JOHANNESBURG — There’s been a lot of fuss over the new Mining Charter and what its contents will and won’t contain. So, it’s quite surprising that last week’s publishing of the Mining Charter by the Department of Mineral Resources appeared to be quite a low-key event. The industry has said it’s still studying the document – so we can probably expect more noise to emerge as the weeks progress. However, the Institute of Race Relations (IRR) has highlighted an important point: the Mining Charter is actually not legally enforceable. It’s more like a grand agreement among mining bosses and politicians. But ‘politicians’ is the key word here as the IRR points out that going against the Charter could leave a mining company left out in the cold… – Gareth van Zyl
By David Christianson*
South Africa’s minister of mineral resources, Gwede Mantashe, is no doubt pleased to have published a draft Mining Charter. He has often said it is needed to bring greater certainty to the mining investment environment in South Africa.
The problem is that it does nothing of the sort.
With all the attention on the various troubling details of the Mining Charter, something the Institute of Race Relations (IRR) has commented extensively on, it is all too easy to lose sight of the biggest detail of all – this document has no binding legal status.
As the Department of Mineral Resources has decided to withdraw the Minerals and Petroleum Resources Amendment (MPRDA) Bill, there is no legal basis for any sort of enforcement.
Section 100 (2) (a) of the original MPRDA required the minister to ‘develop a broad-based socio-economic empowerment Charter’ and to do so within six months. Fortuitously, there was such a Charter around at the time, the original 2004 document, an investor-friendly statement developed by the industry itself. Then minister Phumzile Mlambo-Ngcuka seized and published it to meet the requirement.
But the Charter was never intended to be an enforceable regulation.
Furthermore, the MPRDA makes no provision for the original Charter to be altered, varied or revised. This means that the second (2010) and third (2018) iterations are in fact ultra vires i.e. beyond the scope of the minister’s defined legal powers.
If the Charter is not legally binding, why has the industry gone to such lengths to implement it?
Part of the answer is, surely, inertia. It was the mining industry itself that initially set out on this path, setting the original 26% Black ownership standard, under, it must be pointed out, the continuing consequences principle. It was the industry itself which committed to transformation. It does not need to be coerced.
But coercion is the second and much larger factor in the industry’s compliance.
Quite simply, it is the minister’s vast powers – to grant and withdraw mining licences, to close mines for safety inspections and even, in terms of the 2011 Beneficiation Act, to require further processing before minerals are taken to market – which have intimidated the industry into obedience.

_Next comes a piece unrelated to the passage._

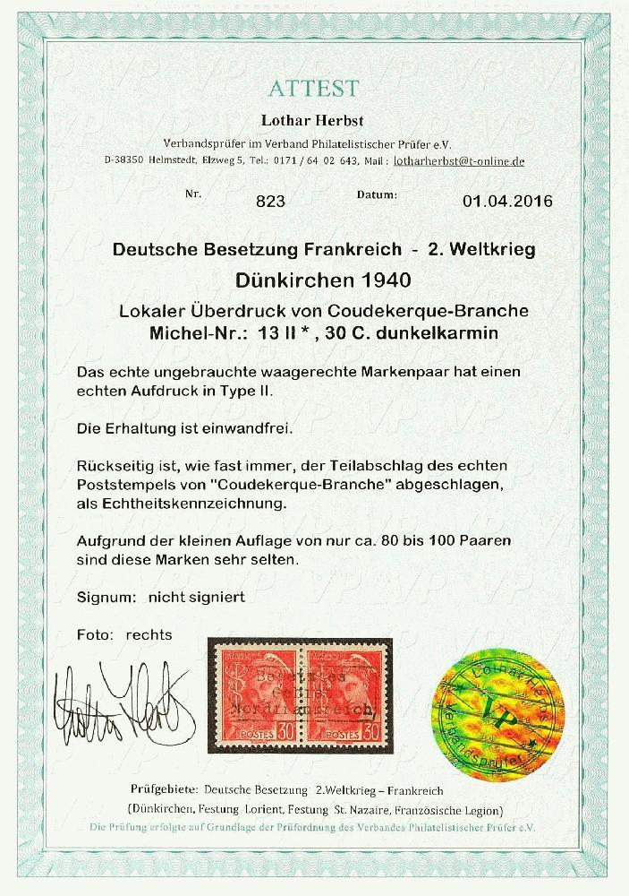 | Zusatzinformationen und Suchstichworte: | Dr. Reinhard Fischer 193. Auktion 21. - 22. Juli 2023 Los 4604 Deutsche Besetzung II. WK Frankreich Dünkirchen 30 C. Freimarke im waager. Paar mit Aufdruck in Type II, tadellos ungebraucht mit voller Originalgummierung und kleinem Falzrest, rückseitig Teilabschlag des echten Poststempels von "Coudekerque-Branche" als Echtheitsbestätigung, unsigniert, Fotoattest Lothar Herbst VP (2016): "Die Erhaltung ist einwandfrei. Aufgrund der sehr kleinen Auflage von nur ca. 80 bis 100 Paaren sind diese Marken sehr selten." Ausruf 600,00 EUR |
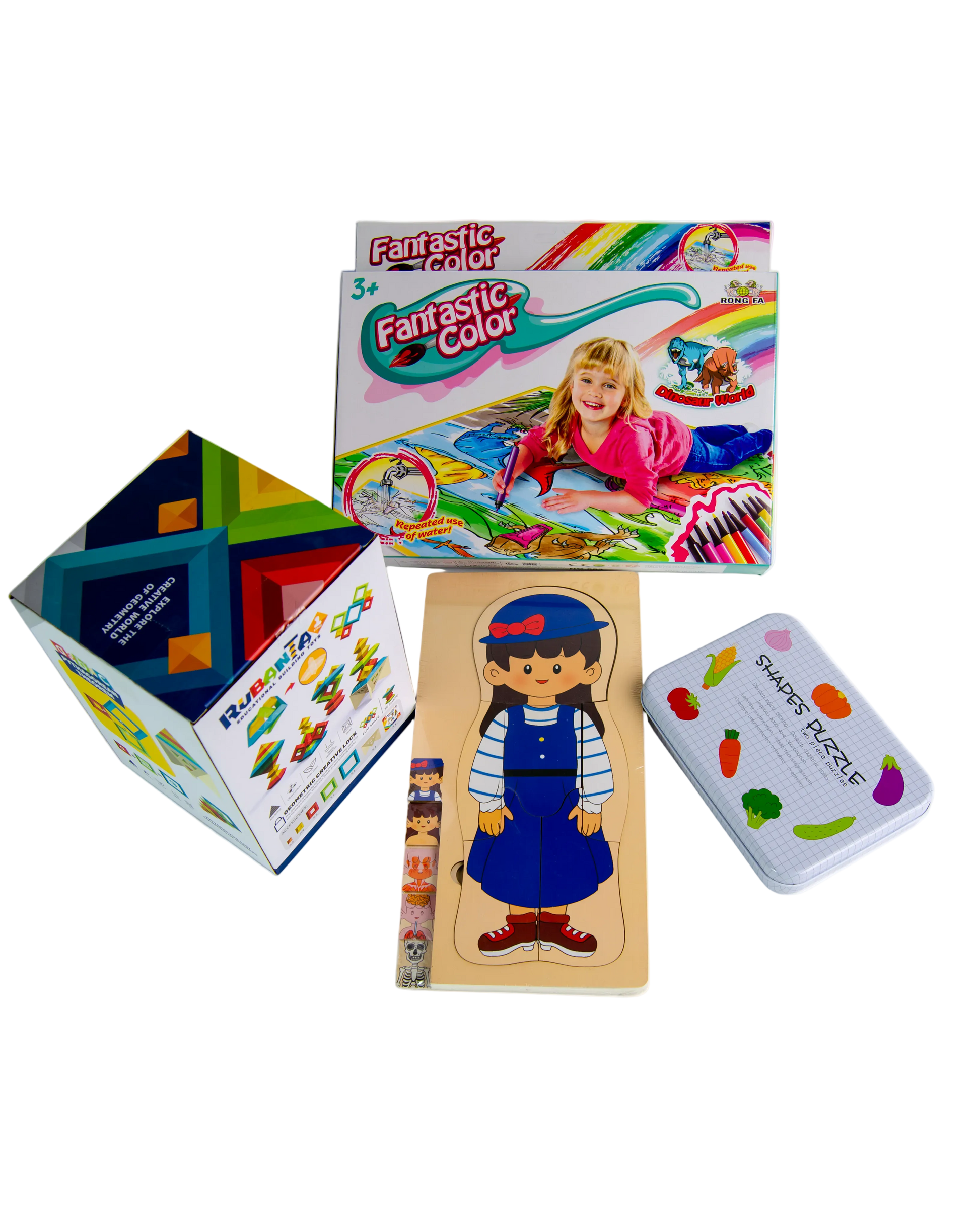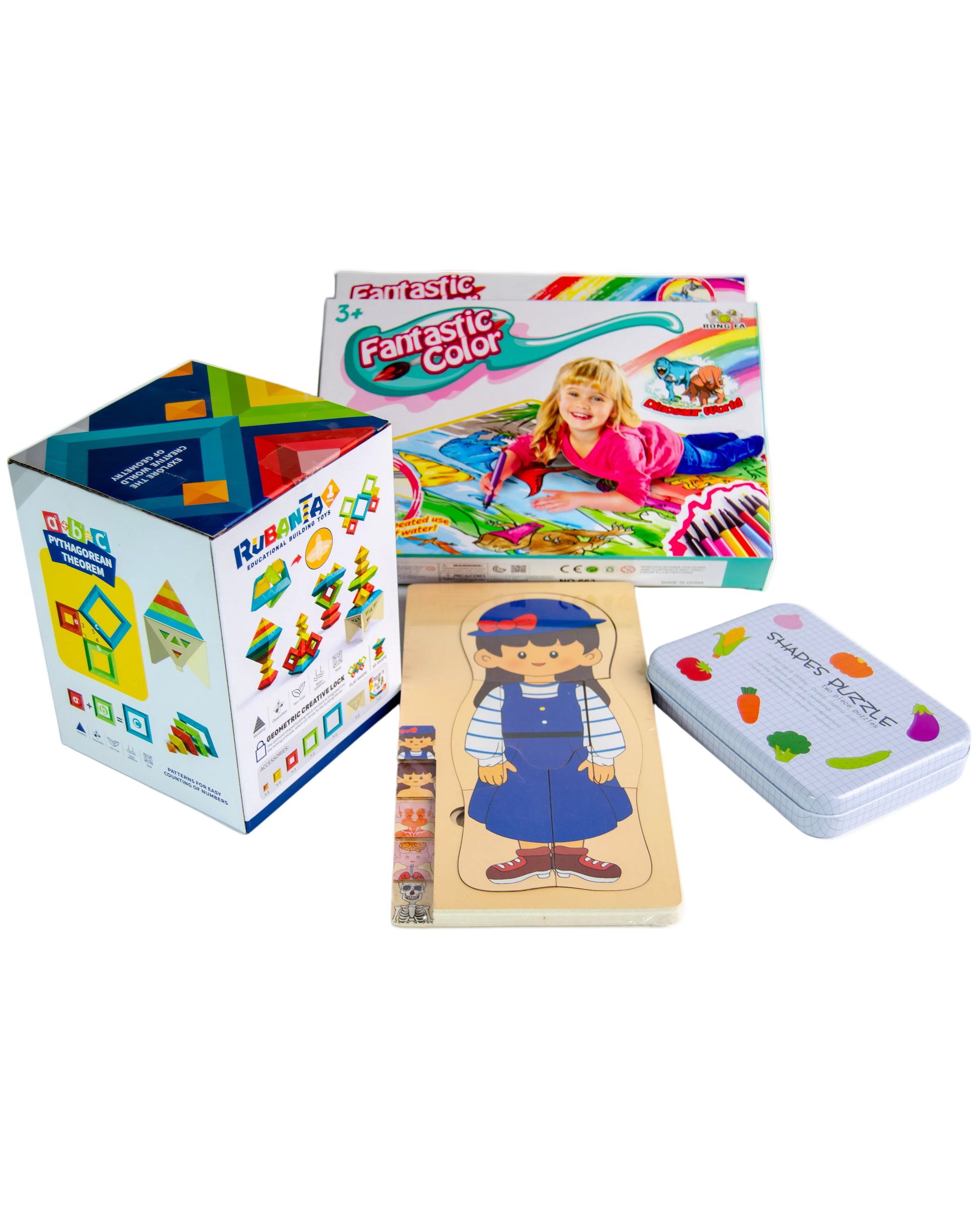 - Includes: 1x Pyramid Blocks Set, 1x Anatomy Puzzle, 1x Coloring Mat, 1x Tin Puzzle.

So, while there is no binding law or regulation which says that an applicant for an exploration licence should be 30% Black-owned, no sane would-be mining entrepreneur would bother to apply without such a structure in place. He or she would expect to be turned down.
An environment in which the critical standards of action are set out in what is effectively a party-political pamphlet and which is to be achieved through arbitrary administrative discretion can hardly be considered stable, consistent or transparent.
Nor should one place too much faith in Mantashe himself. He appears to be well regarded and some believe he is the most knowledgeable minister we have seen in the democratic era. Not that the likes of Pik Botha, Penuel Maduna, Susan Shabangu and Mosebenzi Zwane set that particular bar very high.
But the issue is not the character of the minister so much as the nature of the regulatory environment. What would a truly bad minister do under these circumstances? We don’t need to look very far to find out. The present minister’s egregious predecessor demonstrates how bad things could be.
So, for potential mining investors looking for a stable regulatory environment, nothing has changed. The argument that even a flawed Mining Charter is better than nothing because at least mining companies will know where they stand and what they have to do is nonsense so long as the most basic thing about the Charter – its legal status – remains fudged.
Mantashe has been praised for withdrawing the MPRDA Amendment Bill. It is a pity he hasn’t seen fit to extend the same logic to the Mining Charter.
- David Christianson is a policy fellow at the IRR – a think tank that promotes political and economic freedom.